Studio album (Christmas) by Alan Jackson
- Released: October 22, 2002
- Genres: Christmas; country;
- Length: 35:40
- Label: Arista Nashville
- Producer: Keith Stegall

Alan Jackson chronology
| Drive (2002) | Let It Be Christmas (2002) | Greatest Hits Volume II (2003) |

= Let It Be Christmas =

Let It Be Christmas is the eleventh studio album and the second Christmas album by American country music artist Alan Jackson. Unlike his first album of Christmas music (1993's Honky Tonk Christmas), this one is composed mainly of renditions of traditional Christmas music. It was released on October 22, 2002, by Arista Nashville.
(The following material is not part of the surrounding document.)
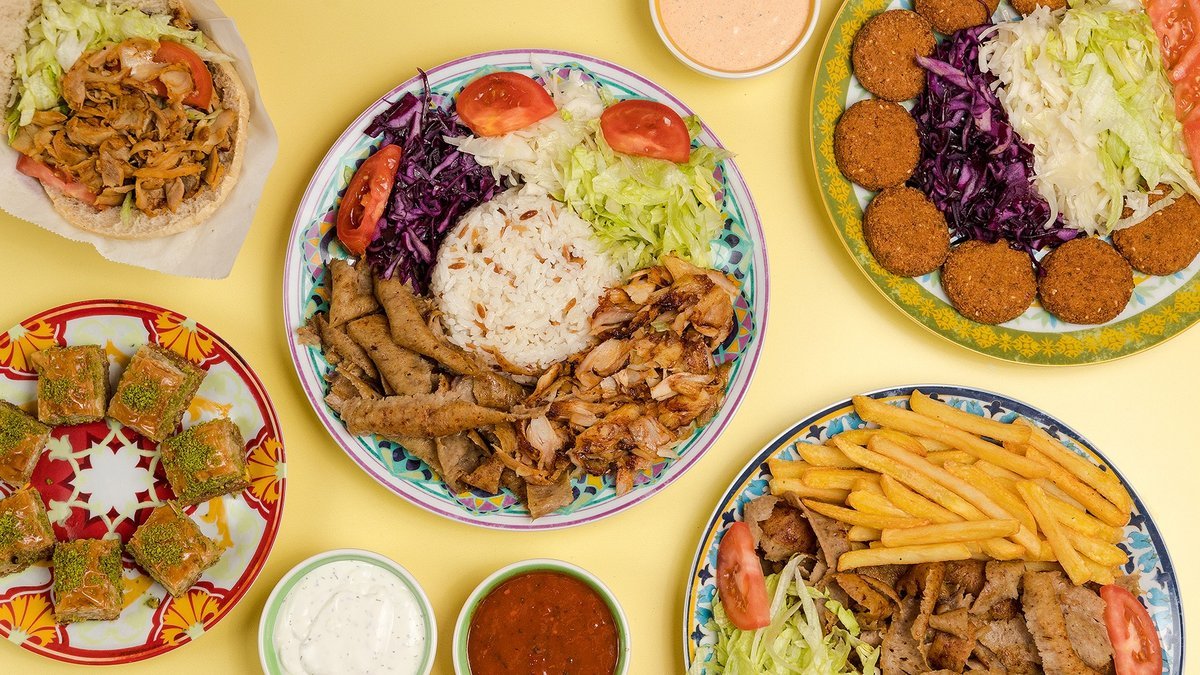 naše vynikající rýže na turecký způsob se zeleninou, míchané maso (kuřecí/hovězí), čerstvá zelenina, naše originální omáčka.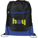 The Libra Front Zipper Drawstring Bag has an open main compartment with cinching rope closure. It also features a zippered front pocket and reinforced bottom corner tabs.

The title track, one of two Christmas songs composed by Jackson, was a top 40 hit for Jackson on the Hot Country Songs chart.

Professional ratings
Review scores
| Source | Rating |
| About.com | (favorable) |
| Allmusic | Star Half star |
| Country Weekly | (favorable) |
| Entertainment Weekly | B− |
| Rolling Stone | (favorable) |

==Track listing==

| No. | Title | Writer(s) | Length |
|---|---|---|---|
| 1. | "Have Yourself a Merry Little Christmas" | Ralph Blane; Hugh Martin; | 2:58 |
| 2. | "Winter Wonderland" | Felix Bernard; Richard Bernhard Smith; | 2:18 |
| 3. | "O Come, All Ye Faithful" | Frederick Oakeley; John Francis Wade; | 3:18 |
| 4. | "Santa Claus Is Coming to Town" | J. Fred Coots; Haven Gillespie; | 2:42 |
| 5. | "The Christmas Song" | Mel Tormé; Robert Wells; | 3:52 |
| 6. | "Silent Night" | Franz Gruber; Joseph Mohr; | 3:47 |
| 7. | "Let It Be Christmas" | Alan Jackson | 4:11 |
| 8. | "Jingle Bells" | James Lord Pierpont | 2:50 |
| 9. | "White Christmas" | Irving Berlin | 3:19 |
| 10. | "Silver Bells" | Ray Evans; Jay Livingston; | 3:36 |
| 11. | "Away in a Manger" | James Ramsey Murray; John Thomas McFarland; | 2:49 |
| Total length: |  |  | 35:40 |

==Personnel==
- Eddie Bayers - drums
- Bill Elliott - conductor, horn arrangements, string arrangements, vocal arrangements
- Mark Fain - acoustic guitar
- Erica Goodman - harp
- Lloyd Green - pedal steel guitar
- Karen Harper - background vocals
- Alan Jackson - lead vocals
- The Kid Connection - background vocals
- Matthew McCauley - conductor, string arrangements
- Brent Mason - electric guitar
- Cassie Miller - background vocals
- Bobbi Page - background vocals
- Matt Rollings - piano
- Bruce Watkins - acoustic guitar
- Glenn Worf - bass guitar

==Chart performance==
Let It Be Christmas peaked at No. 27 on the U.S. Billboard 200 and No. 6 on the Top Country Albums chart. In January 2003, it was certified Gold by the RIAA. It was later certified Platinum in 2026.

===Weekly charts===

| Chart (2002) | Peak position |
|---|---|
| US Billboard 200 | 27 |
| US Top Christian Albums (Billboard) | 3 |
| US Top Country Albums (Billboard) | 6 |
| US Top Holiday Albums (Billboard) | 2 |

===Year-end charts===

| Chart (2002) | Position |
|---|---|
| Canadian Country Albums (Nielsen SoundScan) | 22 |

| Chart (2003) | Position |
|---|---|
| US Billboard 200 | 178 |
| US Top Country Albums (Billboard) | 23 |

| Chart (2018) | Position |
|---|---|
| US Top Country Albums (Billboard) | 92 |

== Certifications ==

Certifications for Let It Be Christmas
| Region | Certification | Certified units/sales |
| United States (RIAA) | Platinum | 1,000,000^{‡} |
^{‡} Sales+streaming figures based on certification alone.